• _ABOUT THIS TASK_: From the first line of the listing, copy each line exactly until you have included the line with "Скандинавские печи бывают"; leave out the pictures.

• _EXERCISE INPUT_:
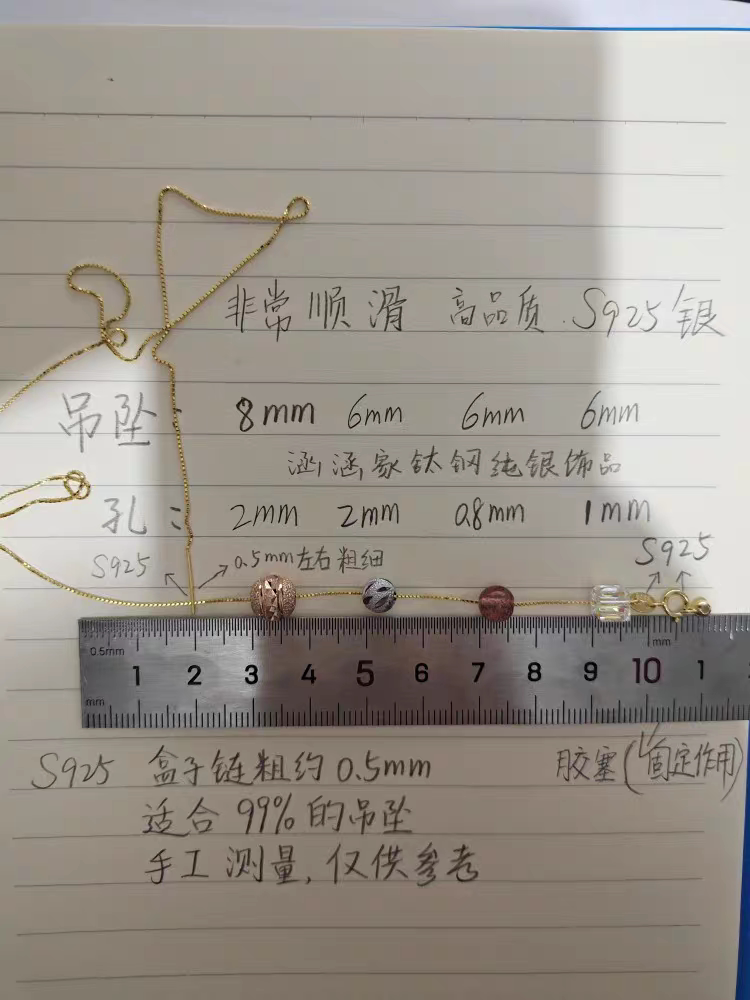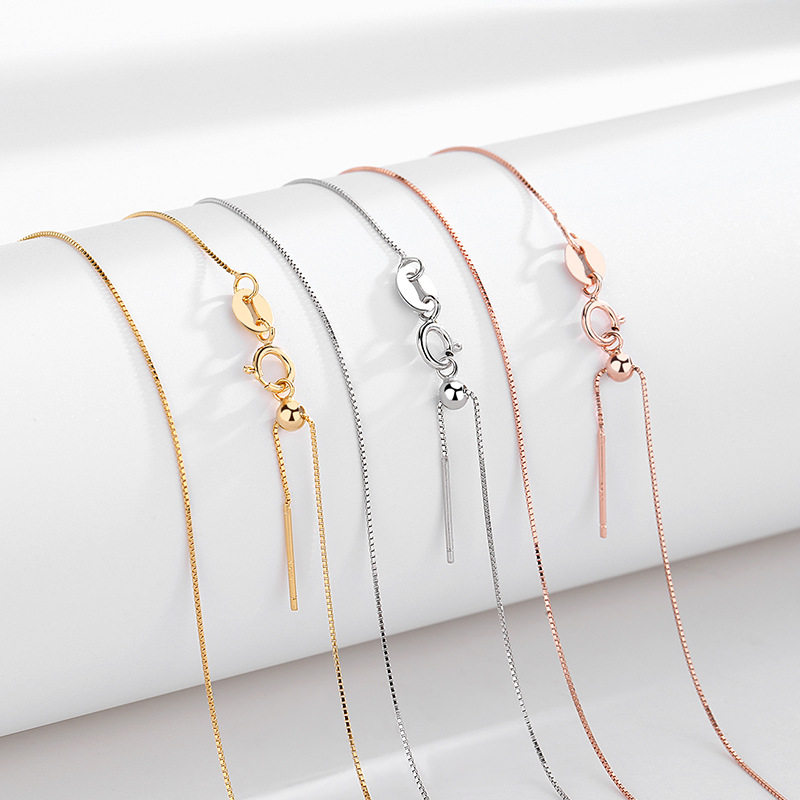 0.5mm盒子链可调节万能项链纯银网红DIY自由穿搭小孔穿珠厂家
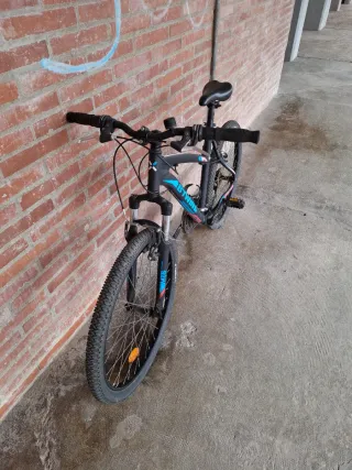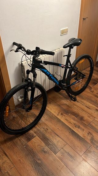 Bicicleta de montaña B'TWIN en color negro con detalles en azul. - Cuadro de aluminio. - Ruedas de 27.5 pulgadas. - Frenos de disco. - Suspensión delantera. Poco usada. Solo necesita engrasar.
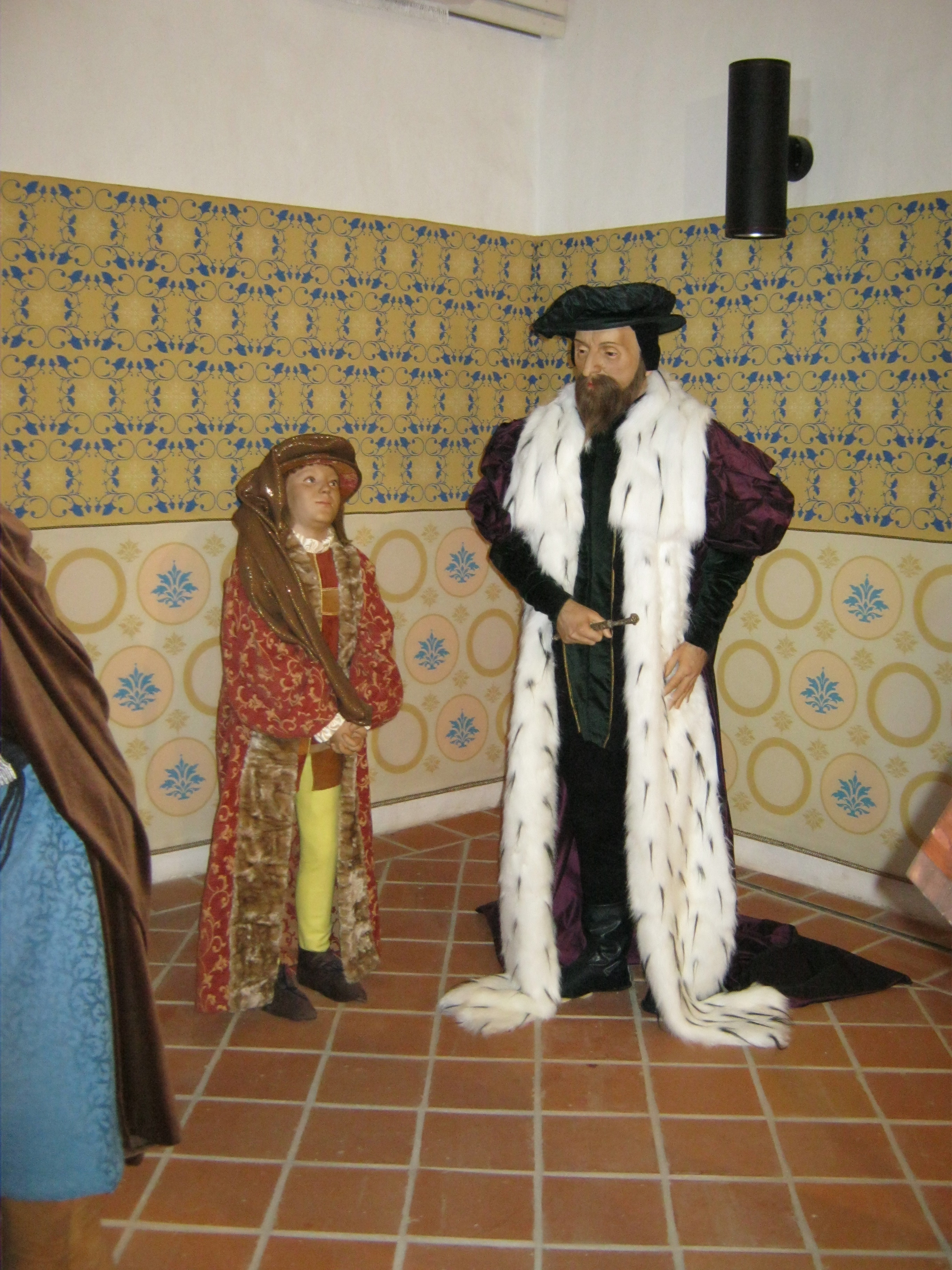 Nyilvános 890 | 1298 | Nyírbátor, Vár utca 1. Báthori várkastély | A Báthoriak várkastélyának többször átalakított egyetlen megmaradt épületét a közelmúltban állították helyre. Pincéjében reneszánsz étterem látogatható, földszintjén és emeletén a Báthori Panoptikum 45 élethű és korhű viaszfigurában mutatja be érzékletesen a jeles nemesi család és Nyírbátor történetét. A figurák tervezője és készítője Megyeri János szobrászművész. A megtekintést olvasható és hallgatható kalauzolás kíséri. A kiállítást a kenyérmezei csata 530. évfordulóján, 2009.október 13-án adták át. Az 1479-ben a törökkel vívott csata egyik hőse Báthori István volt. A képen a kis János Zsigmond és I. Ferdinánd király figurái. Felh. irod.: Látnivalók Szabolcs-Szatmár-Bereg megyében. Miskolc, Well-PRess, 1999 www.bathorivarkastely.hu A fénykép 2010 augusztus elején készült. |
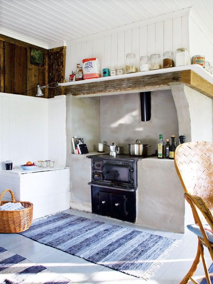 Скандинавские печи бывают для обогрева, они узкие, длинные, как труба, а бывают и для приготовления пищи, такие варианты отдаленно напоминают русскую, только меньших размеров и без уютного лежака. Кухни этого стиля белые, светлые, с деревянными или каменными полами. Стены обшиты древесиной или окрашены в белый цвет – даже кирпичная кладка подлежит окрашиванию. Много декора в виде кухонной утвари без намека на современность.
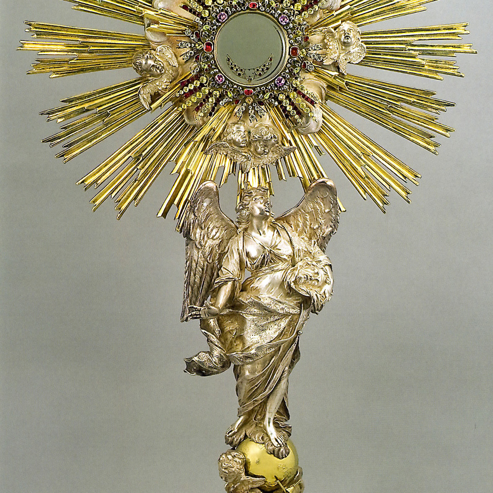 Ostensorio dell’Angelo con la testa del Battista opera di Francesco Ladatte: il superbo ostensorio della Confraternita, in argento in fusione, cesellato e sbalzato, datato 1746, e che testimonia la grande abilità di Francesco Ladatte come argentiere, è commissionato da Giovanni Antonio Durando - come segnala l’arma del donatore intagliata sul verso e l’iscrizione apposta al piede - stilisticamente configurato sui più aggiornati modelli dell’oreficeria parigina contemporanea. L’angelo in fusione, che serve da fusto all’ostensorio, respira la finezza nervosa della più fresca rocaille degli anni Quaranta del Settecento: la figura è slanciata, di getto, dalle linee filanti della veste che vanno a raccogliersi in una vita stretta, sguardo intensamente rivolto al cielo, con il braccio destro che indica la testa del Battista. L’opera lascia emergere dunque la grande abilita di Ladatte nel modellare, sempre sostenuto da un talento inventivo versatile e da un orientamento di gusto spiccatamente personale.
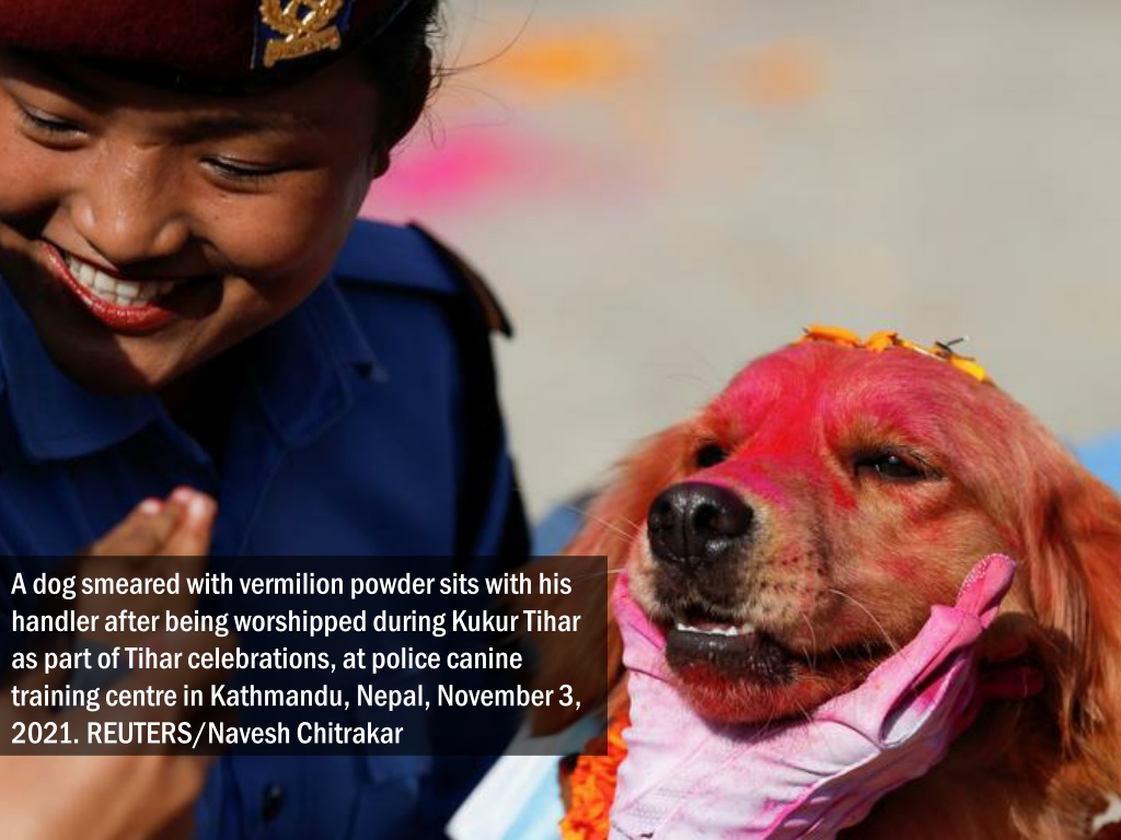 A dog smeared with vermilion powder sits with his handler after being worshipped during Kukur Tihar as part of Tihar celebrations, at police canine training centre in Kathmandu, Nepal, November 3, 2021. REUTERS/Navesh Chitrakar
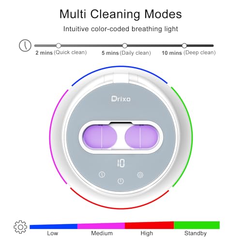 Click for More Images 9+1 Modes with Color-Coded Light: Touch control with 9 cleaning combinations (3 intensity levels/3 timer settings/standalone UV light). Our ultrasonic retainer cleaner features intuitive color lights (Blue/Purple/Red/Green)...
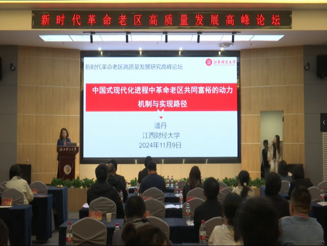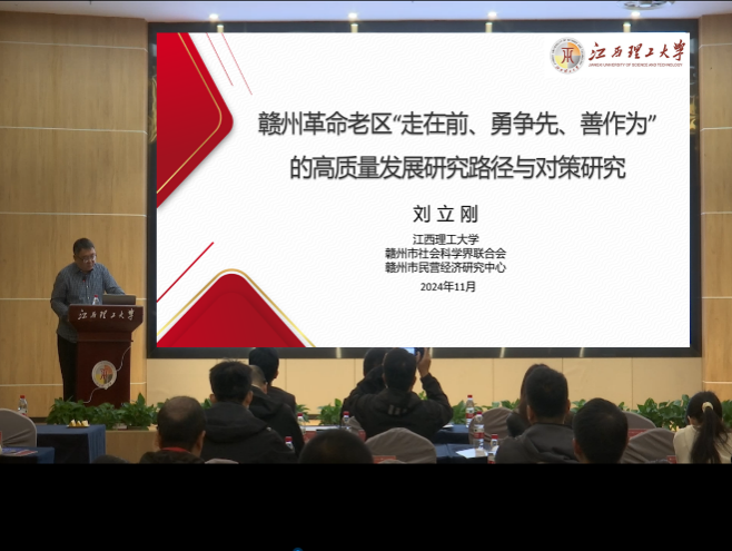 经济管理学院教授、赣州市社会科学界联合会兼职副主席刘立刚,江西财经大学经济学院教授、生态经济研究院院长潘丹分别以《赣州革命老区“走在前、勇争先、善作为”的高质量发展研究路径与对策研究》《中国式现代化进程中革命老区共同富裕的动力机制与实现路径》为题作主旨报告,报告内容内涵丰富、视野开阔、形象生动,既有理论高度,又有实践深度,引发了与会学者的积极反响。
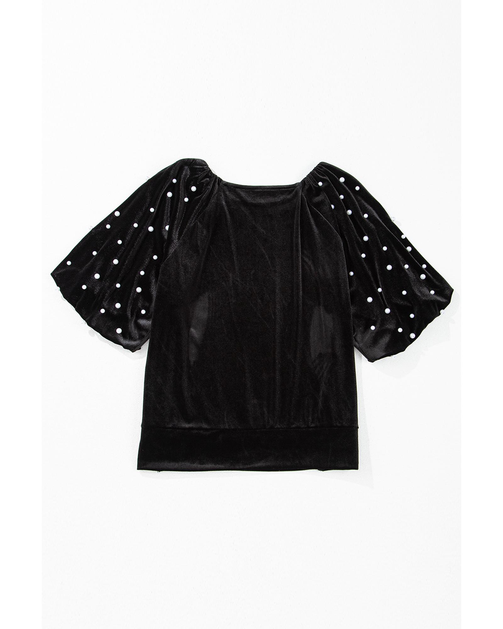 Black Pearl Beaded Half Sleeve Velvet Top – S
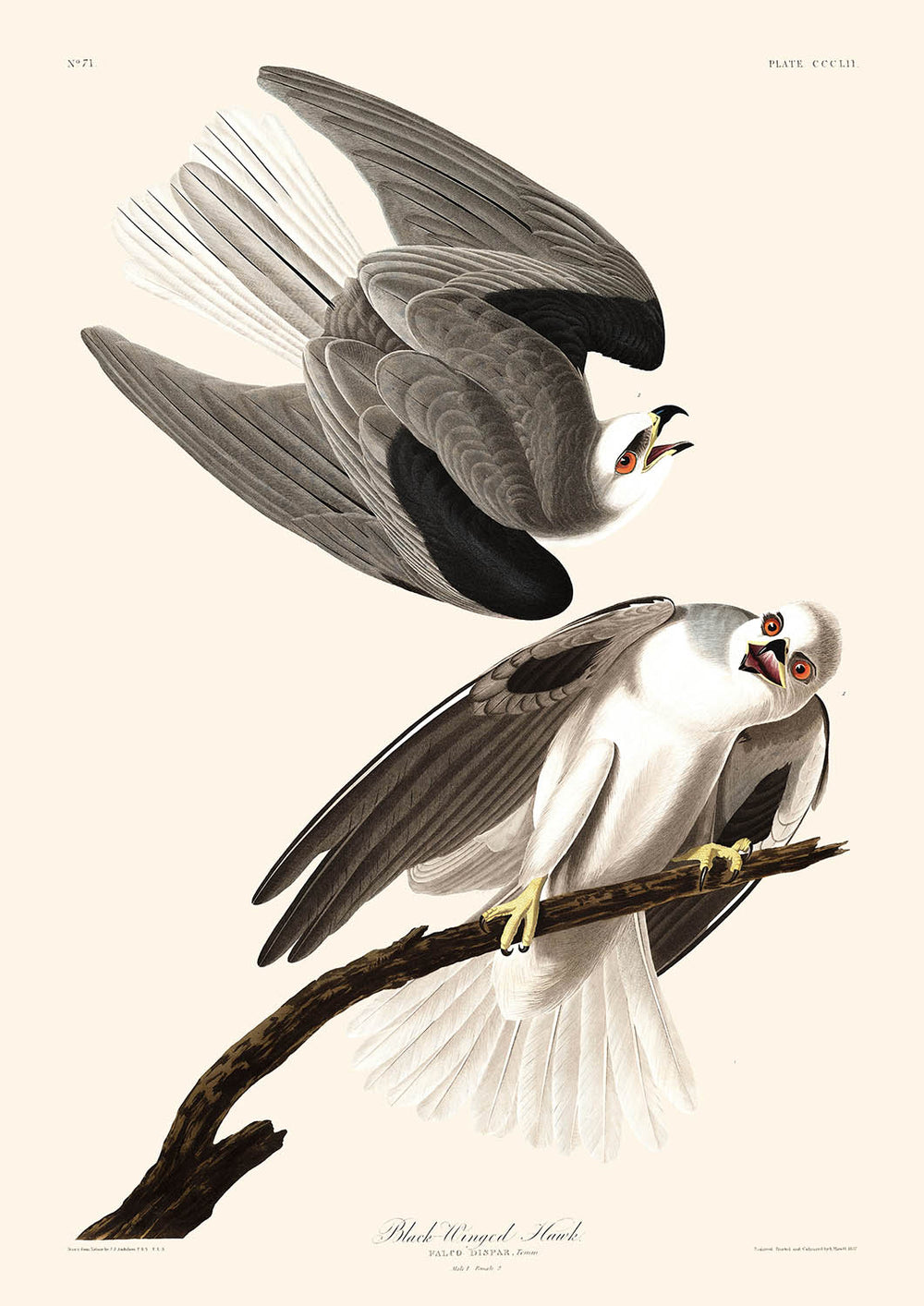 Der Schwarzflügelige Habicht, erstmals veröffentlicht im Jahr 1827, ist eine der fesselnden und dramatischen Illustrationen aus John James Audubons gefeiertem Werk, Die Vögel Amerikas. Dieses Kunstwerk fängt die rohe und majestätische Schönheit des Schwarzflügeligen Habichts in atemberaubenden Details ein.

• _SOLUTION TO THIS PROBLEM_:
 0.5mm盒子链可调节万能项链纯银网红DIY自由穿搭小孔穿珠厂家
 Bicicleta de montaña B'TWIN en color negro con detalles en azul. - Cuadro de aluminio. - Ruedas de 27.5 pulgadas. - Frenos de disco. - Suspensión delantera. Poco usada. Solo necesita engrasar.
 Nyilvános 890 | 1298 | Nyírbátor, Vár utca 1. Báthori várkastély | A Báthoriak várkastélyának többször átalakított egyetlen megmaradt épületét a közelmúltban állították helyre. Pincéjében reneszánsz étterem látogatható, földszintjén és emeletén a Báthori Panoptikum 45 élethű és korhű viaszfigurában mutatja be érzékletesen a jeles nemesi család és Nyírbátor történetét. A figurák tervezője és készítője Megyeri János szobrászművész. A megtekintést olvasható és hallgatható kalauzolás kíséri. A kiállítást a kenyérmezei csata 530. évfordulóján, 2009.október 13-án adták át. Az 1479-ben a törökkel vívott csata egyik hőse Báthori István volt. A képen a kis János Zsigmond és I. Ferdinánd király figurái. Felh. irod.: Látnivalók Szabolcs-Szatmár-Bereg megyében. Miskolc, Well-PRess, 1999 www.bathorivarkastely.hu A fénykép 2010 augusztus elején készült. |
 Скандинавские печи бывают для обогрева, они узкие, длинные, как труба, а бывают и для приготовления пищи, такие варианты отдаленно напоминают русскую, только меньших размеров и без уютного лежака. Кухни этого стиля белые, светлые, с деревянными или каменными полами. Стены обшиты древесиной или окрашены в белый цвет – даже кирпичная кладка подлежит окрашиванию. Много декора в виде кухонной утвари без намека на современность.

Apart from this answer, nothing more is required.